Multi-Agent Honeypot Allocation
In a Cooperative MARL setting, defensive “Blue Agents” communicate to dynamically move high-interaction honeypots. They observe local traffic and coordinate to maximize the probability of trapping an active attacker.
Dataset: Honeypot Attack Logs (Kaggle)

6. Generative AI & LLMs
Generative AI represents the new frontier. Foundation models like GPT-4 or Llama 3 can generate code, text, and scripts, enabling hyper-personalized phishing and polymorphic malware.
Offensive GenAI Case Studies
1. Automated Social Engineering
Attackers scrape a target’s LinkedIn or Twitter profile. An LLM then generates a context-aware email (e.g., referencing a specific recent conference) indistinguishable from human correspondence. “Dark LLMs” like WormGPT lack ethical guardrails, facilitating this at scale.

2. Malware Polymorphism (The Xillen Stealer)
Polymorphism is the ability of code to constantly mutate its identifiable features (signature) while maintaining its malicious functionality.
The Xillen Stealer (v4-v5) is a prime example of this evolution:
- Concept: The malware uses a polymorphic engine to ensure that every time it is downloaded, it has a unique file hash, rendering signature-based AV useless.
- Mechanism: It employs encryption loops (generating random keys per infection), junk code insertion (NOPs), and instruction substitution.
- Python Specifics: Being Python-based allows for dynamic obfuscation (scrambling variable names) and rapid iteration. The payloads are often “packed” (e.g., via PyInstaller), creating large, messy files that complicate analysis.
AI Evasion Techniques:
Xillen includes an AIEvasionEngine designed to defeat behavioral classifiers:
- Noise Injection: Performing random memory and CPU operations to confuse ML models.
- Entropy Variance: Altering the randomness of the file structure to avoid detection by entropy-based scanners.
- Behavioral Mimicking: It simulates mouse movements and waits for browser activity to appear human.

Xillen Stealer AI Target Detection
Xillen Stealer AI Evasion
Defensive GenAI Case Studies
1. Automated Vulnerability Repair (APR)
LLM-driven patching goes beyond detection.
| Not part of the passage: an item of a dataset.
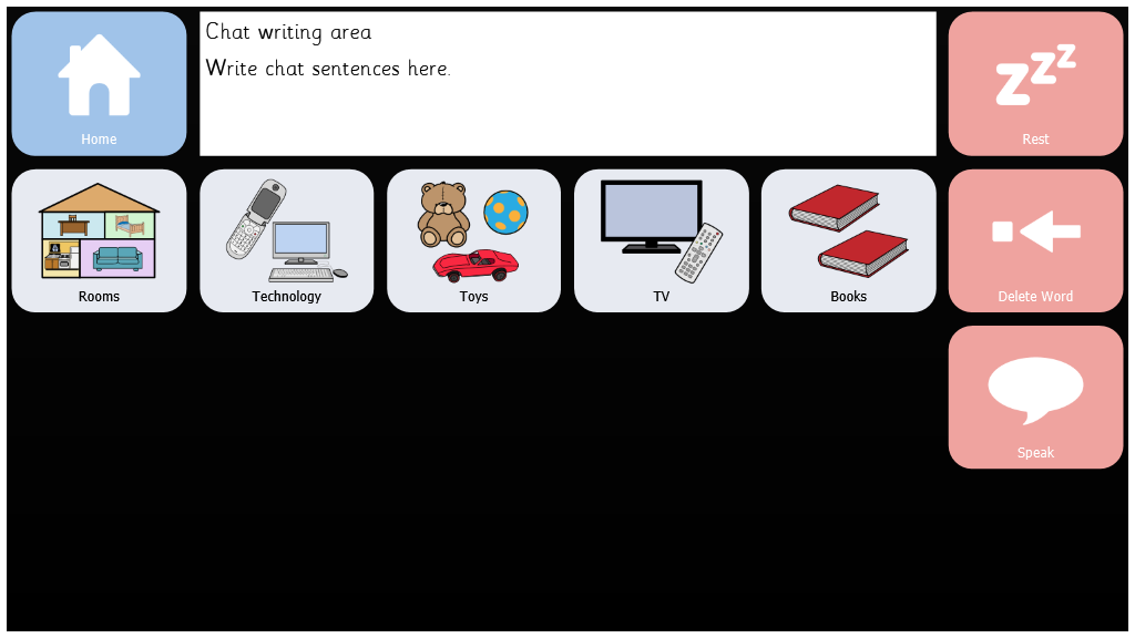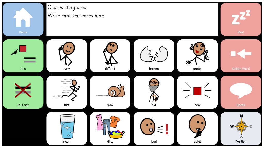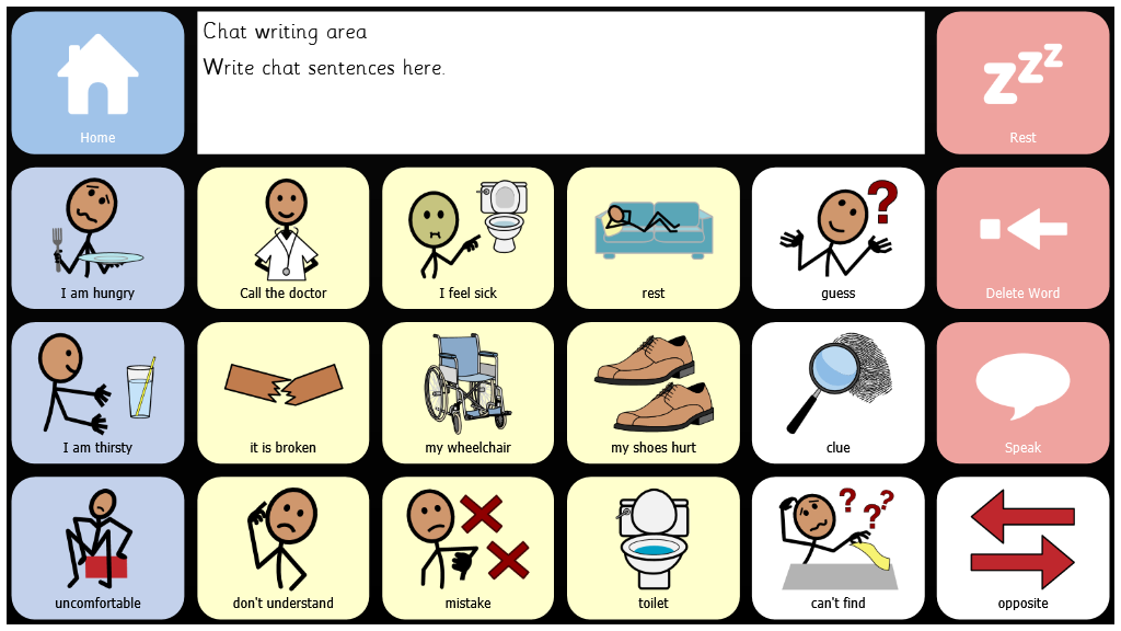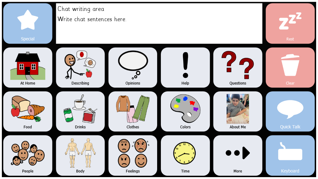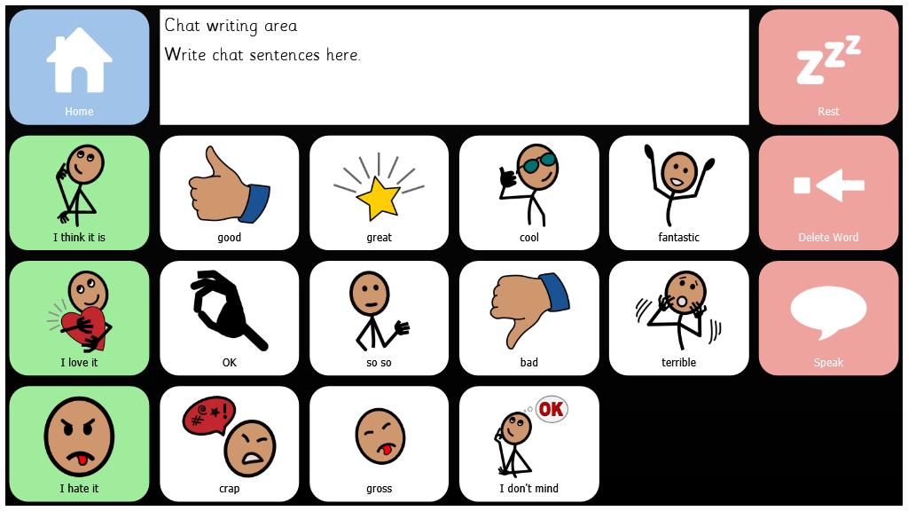 Symbol Talker is a complete vocabulary package for someone who wishes to use symbols to talk. It has pages to prompt opinions, as well as pages for School, Home, and Therapy use.

It takes vulnerable code and an error log, and the LLM proposes a secure code candidate—for example, automatically rewriting raw SQL queries into parameterized queries to prevent injection.
2. Threat Intel Summarization
LLMs digest thousands of unstructured reports (blogs, dark web feeds) and extract structured data (Actor, Target, IP) into JSON formats that can be immediately ingested by firewalls.
Summary of Techniques & Datasets
| Category | Technique | Application | Dataset / Benchmark |
|---|---|---|---|
| Supervised | CNN / XGBoost | Malware Detection | Microsoft Malware Prediction |
| Supervised | LSTM (RNN) | Traffic Forecasting | CIC-IDS2017 |
| Supervised | NLP / SVM | Phishing/Spam | Enron Email Corpus |
| Unsupervised | Isolation Forest | Anomaly Detection | NSL-KDD |
| Unsupervised | Clustering | User Behavior (UEBA) | CERT Insider Threat |
| Semi-Supervised | GANs | Password Cracking | RockYou.txt |
| Semi-Supervised | Label Prop. | Malicious URLs | Malicious URLs Dataset |
| RL / MARL | DQN | Auto Pen-Testing | CyberBattleSim (Env) |
| GenAI (Offense) | Dark LLMs | Auto-Phishing | Human vs. LLM Phishing |
| GenAI (Defense) | APR (LLM) | Auto-Patching | LLM Vuln. Detection |
This article highlights the rapid evolution of the cyber arms race. As defensive AI improves, offensive AI adapts with polymorphism and noise injection, necessitating continuous innovation in strategic defense.